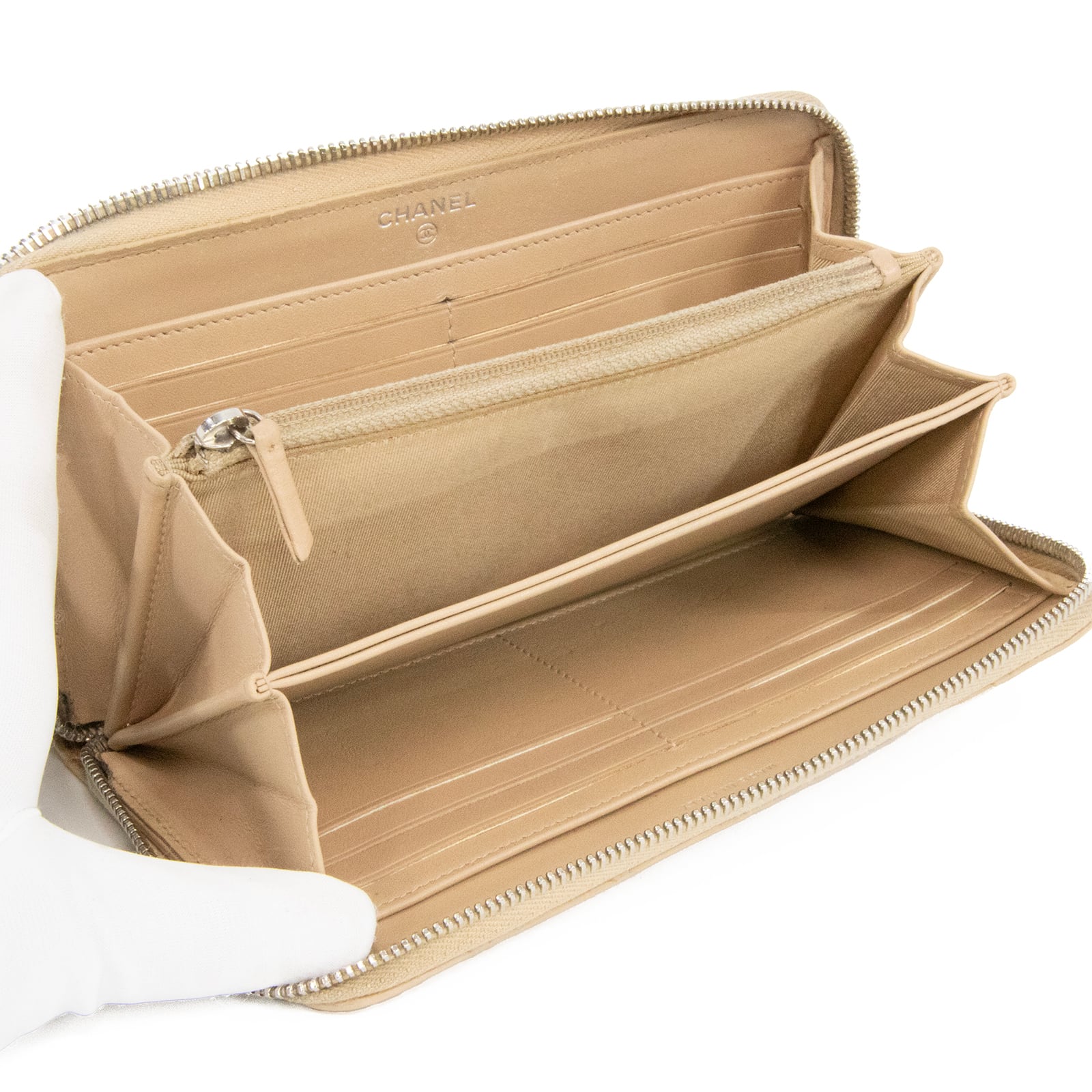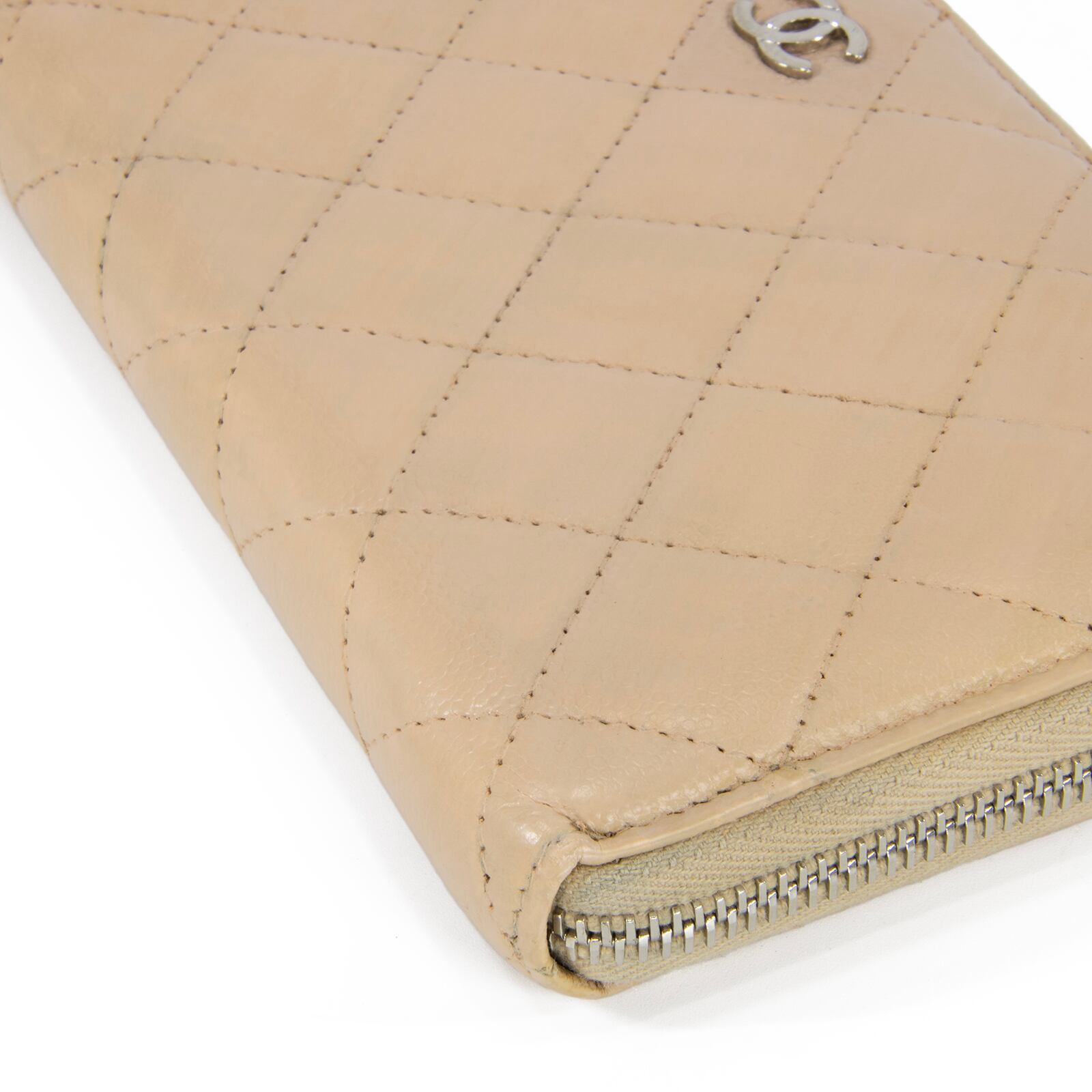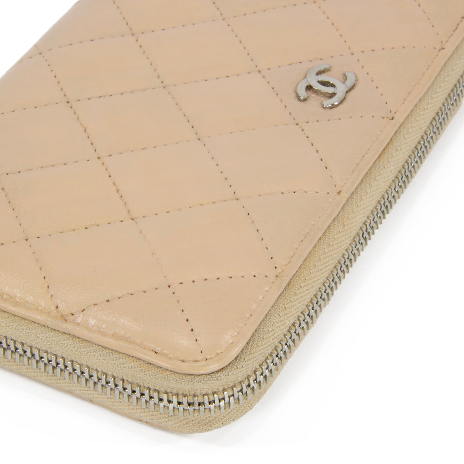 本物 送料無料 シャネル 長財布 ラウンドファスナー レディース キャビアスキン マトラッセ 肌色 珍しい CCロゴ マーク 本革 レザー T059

==

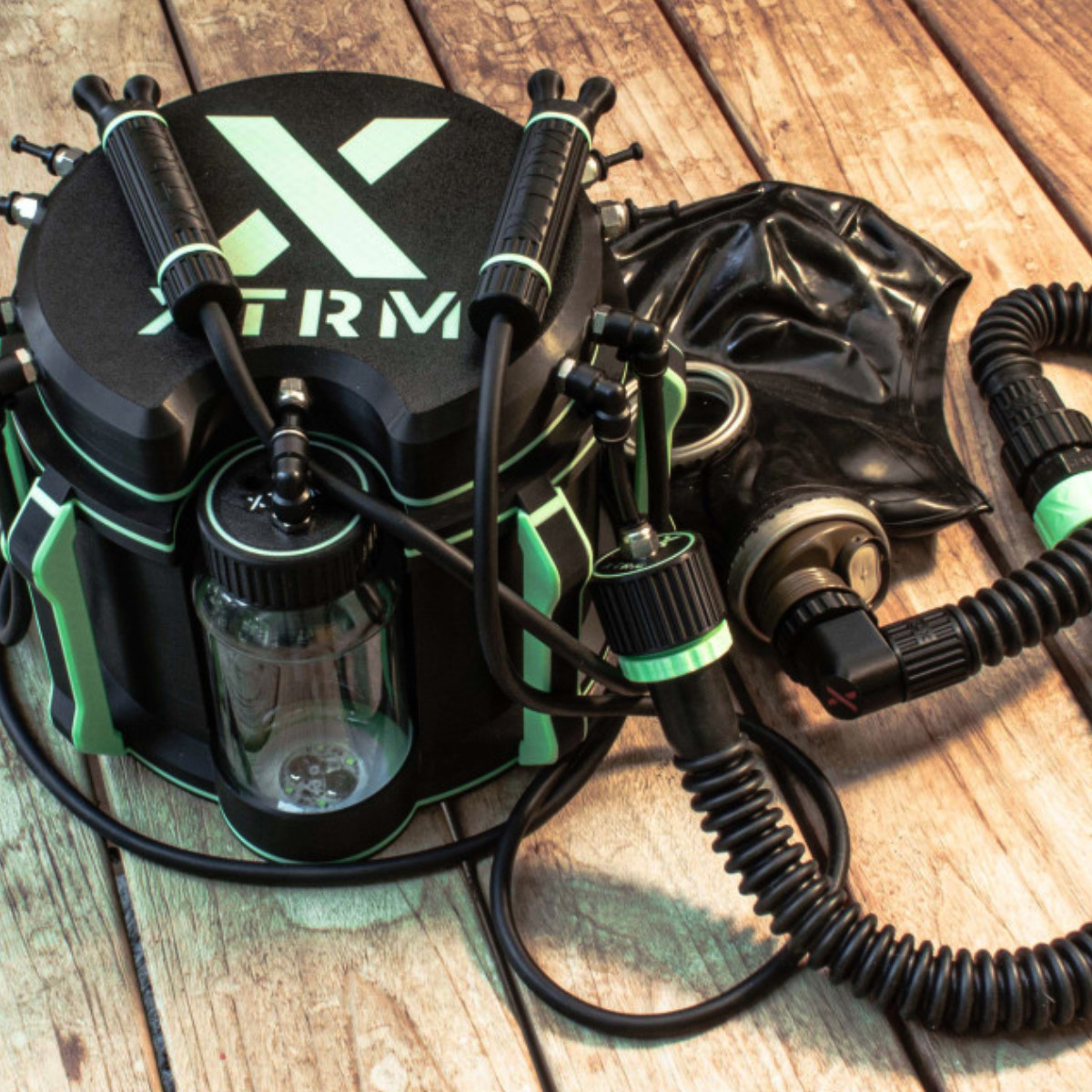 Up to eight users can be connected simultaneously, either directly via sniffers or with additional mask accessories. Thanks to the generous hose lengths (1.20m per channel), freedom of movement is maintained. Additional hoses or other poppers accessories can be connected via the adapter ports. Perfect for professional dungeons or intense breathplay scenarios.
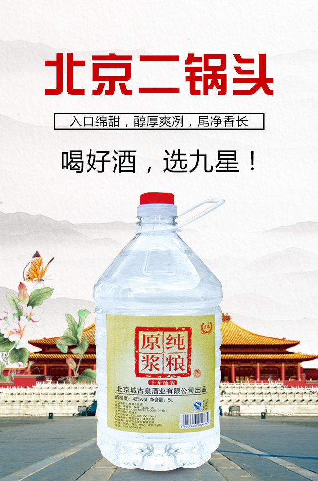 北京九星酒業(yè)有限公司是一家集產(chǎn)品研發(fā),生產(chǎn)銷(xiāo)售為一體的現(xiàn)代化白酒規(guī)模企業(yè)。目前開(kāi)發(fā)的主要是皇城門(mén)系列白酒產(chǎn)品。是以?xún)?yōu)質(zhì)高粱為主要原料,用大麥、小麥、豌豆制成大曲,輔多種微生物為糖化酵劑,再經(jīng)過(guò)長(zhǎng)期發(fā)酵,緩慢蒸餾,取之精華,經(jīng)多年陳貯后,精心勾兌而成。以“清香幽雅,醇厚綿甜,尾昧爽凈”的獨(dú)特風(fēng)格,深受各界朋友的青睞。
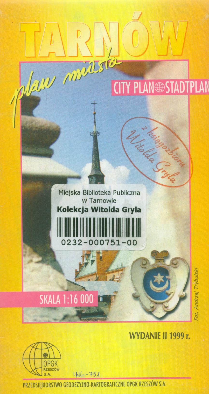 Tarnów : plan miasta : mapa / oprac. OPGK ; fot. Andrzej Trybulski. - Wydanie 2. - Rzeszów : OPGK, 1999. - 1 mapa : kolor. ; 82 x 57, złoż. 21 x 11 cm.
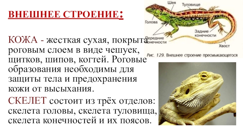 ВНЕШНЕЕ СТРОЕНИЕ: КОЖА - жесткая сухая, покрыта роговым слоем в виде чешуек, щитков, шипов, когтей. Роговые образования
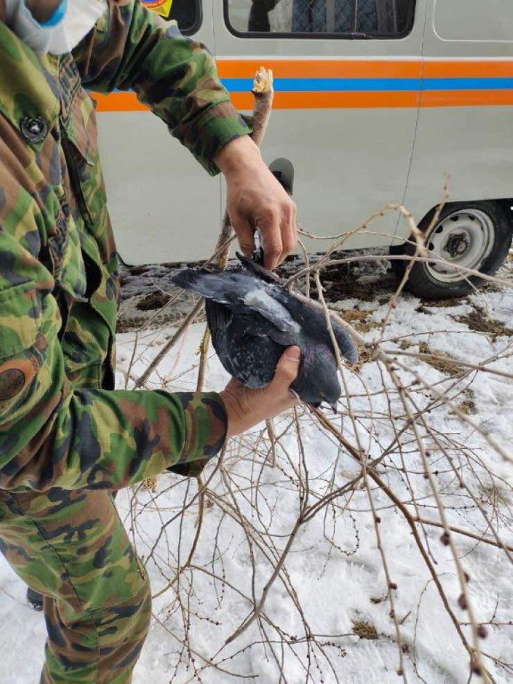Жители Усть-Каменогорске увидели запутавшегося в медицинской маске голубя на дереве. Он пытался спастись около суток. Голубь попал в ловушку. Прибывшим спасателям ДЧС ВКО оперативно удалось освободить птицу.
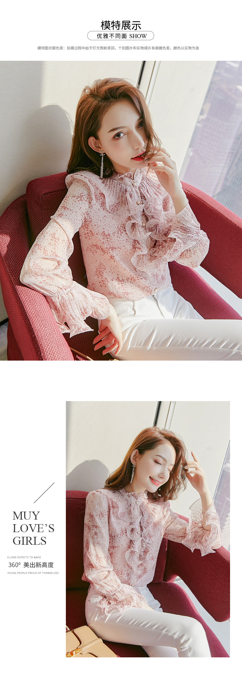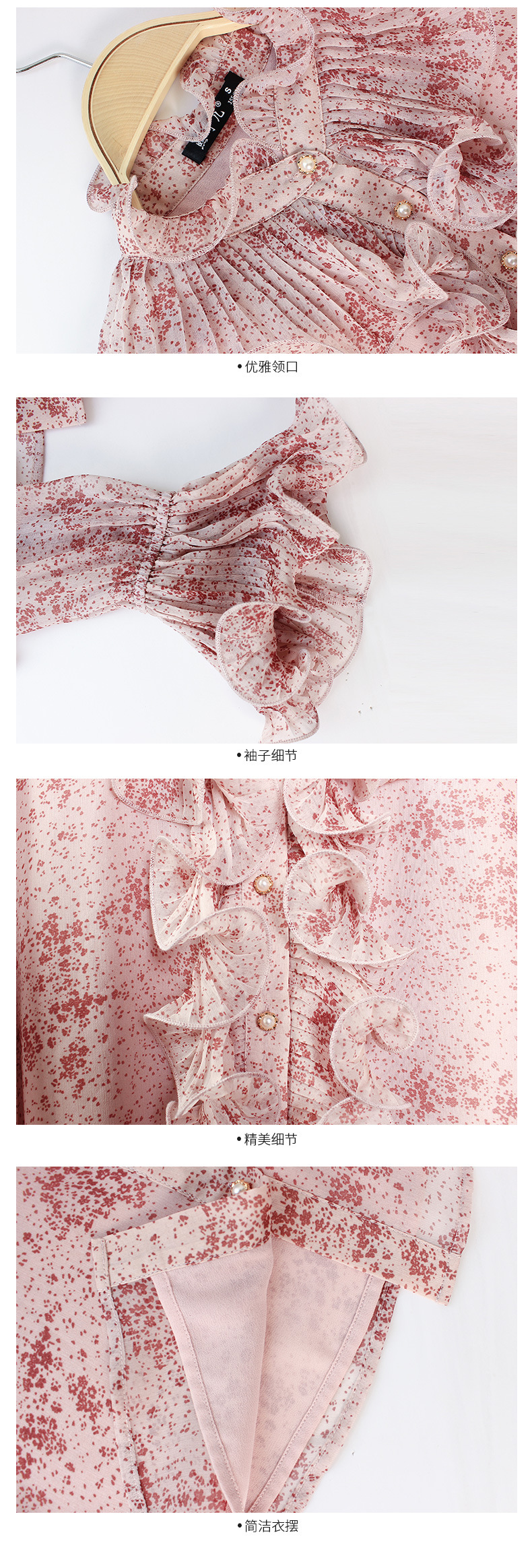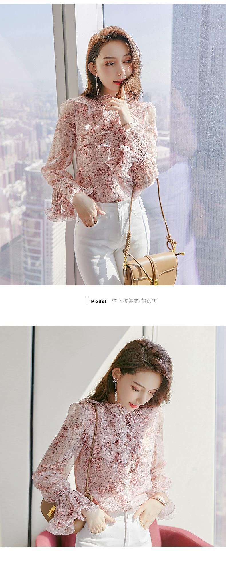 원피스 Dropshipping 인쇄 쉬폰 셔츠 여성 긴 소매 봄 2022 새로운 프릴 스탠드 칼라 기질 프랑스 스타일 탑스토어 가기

==

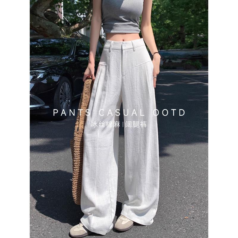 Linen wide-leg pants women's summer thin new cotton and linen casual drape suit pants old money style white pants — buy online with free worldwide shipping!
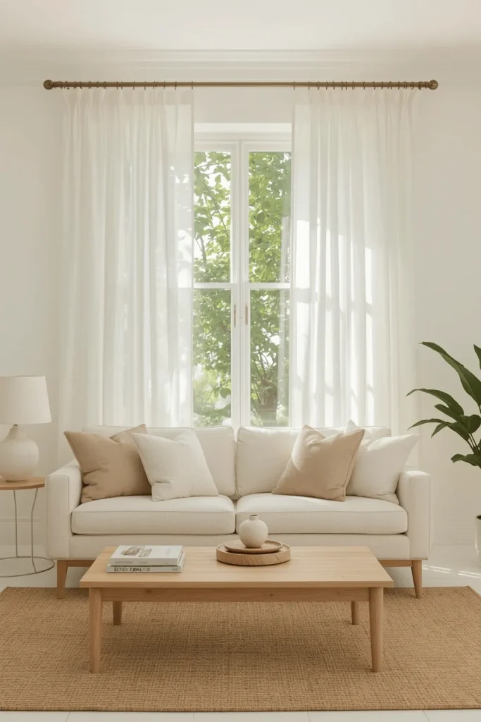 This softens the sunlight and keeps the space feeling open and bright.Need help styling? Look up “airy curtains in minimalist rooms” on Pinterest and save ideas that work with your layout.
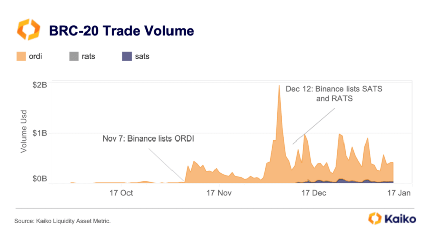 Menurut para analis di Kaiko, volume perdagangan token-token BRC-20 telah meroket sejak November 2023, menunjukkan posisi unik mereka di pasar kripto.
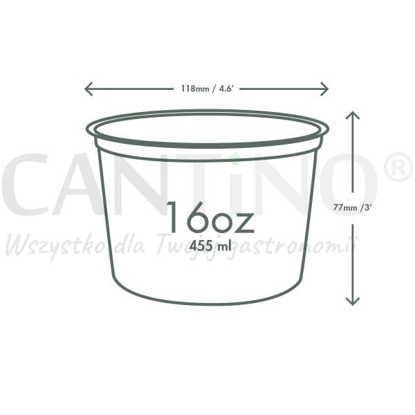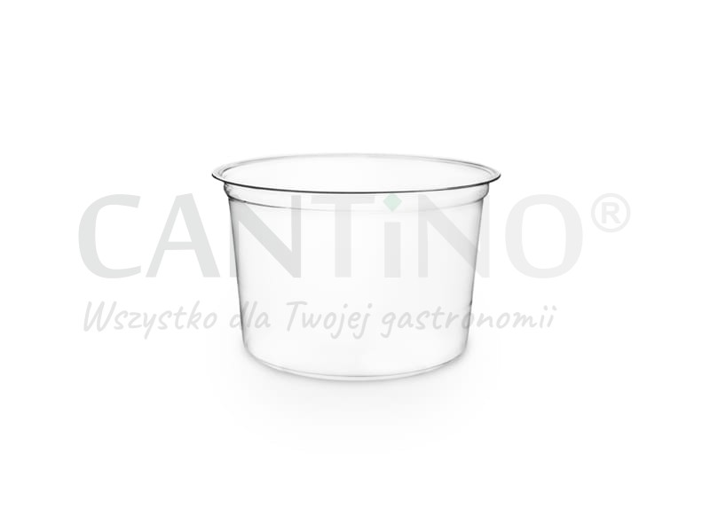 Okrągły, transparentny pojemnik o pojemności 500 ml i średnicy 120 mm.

§ Work item: Going back to the data above, write out everything from the line with "ВНЕШНЕЕ СТРОЕНИЕ: КОЖА" down to the line with "원피스 Dropshipping 인쇄", both included, leaving every picture out.

§ Response to the exercise:
 ВНЕШНЕЕ СТРОЕНИЕ: КОЖА - жесткая сухая, покрыта роговым слоем в виде чешуек, щитков, шипов, когтей. Роговые образования
Жители Усть-Каменогорске увидели запутавшегося в медицинской маске голубя на дереве. Он пытался спастись около суток. Голубь попал в ловушку. Прибывшим спасателям ДЧС ВКО оперативно удалось освободить птицу.
 원피스 Dropshipping 인쇄 쉬폰 셔츠 여성 긴 소매 봄 2022 새로운 프릴 스탠드 칼라 기질 프랑스 스타일 탑스토어 가기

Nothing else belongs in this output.